**DATA EXTRACT**
———

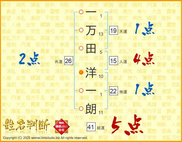 一(1画)万(13画)田(5画) 洋(10画)一(1画)朗(11画)
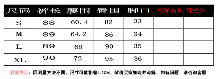 - 裤长:九分裤
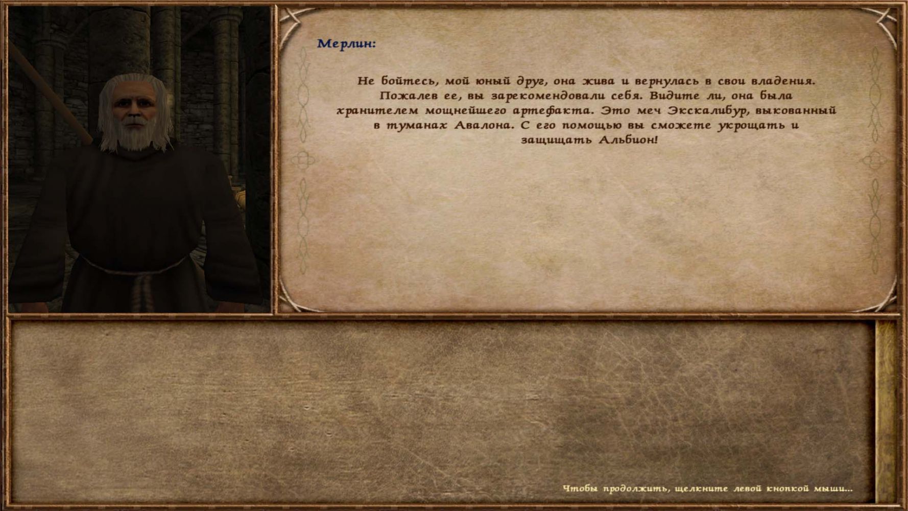 После сражения она сбегает в таверну Камелота. Найдя ее там, по-рыцарски, нежно в поединке побеждаем даму и от нее получаем новый квест ''Покорить замок Камелот и встретиться внутри его с Мерлином''. Захватываем замок и Мерлин торжественно вручает нам всенепременный легендарный меч Экскалибур. Задание '' Найти владычицу Озера '' выполнено. Так и утверждается настоящая власть.

———

**INSTRUCTIONS FOR THE TASK**
Copy every line above exactly; images stay out.

**OUTPUT FOR THIS EXERCISE**
 一(1画)万(13画)田(5画) 洋(10画)一(1画)朗(11画)
 - 裤长:九分裤
 После сражения она сбегает в таверну Камелота. Найдя ее там, по-рыцарски, нежно в поединке побеждаем даму и от нее получаем новый квест ''Покорить замок Камелот и встретиться внутри его с Мерлином''. Захватываем замок и Мерлин торжественно вручает нам всенепременный легендарный меч Экскалибур. Задание '' Найти владычицу Озера '' выполнено. Так и утверждается настоящая власть.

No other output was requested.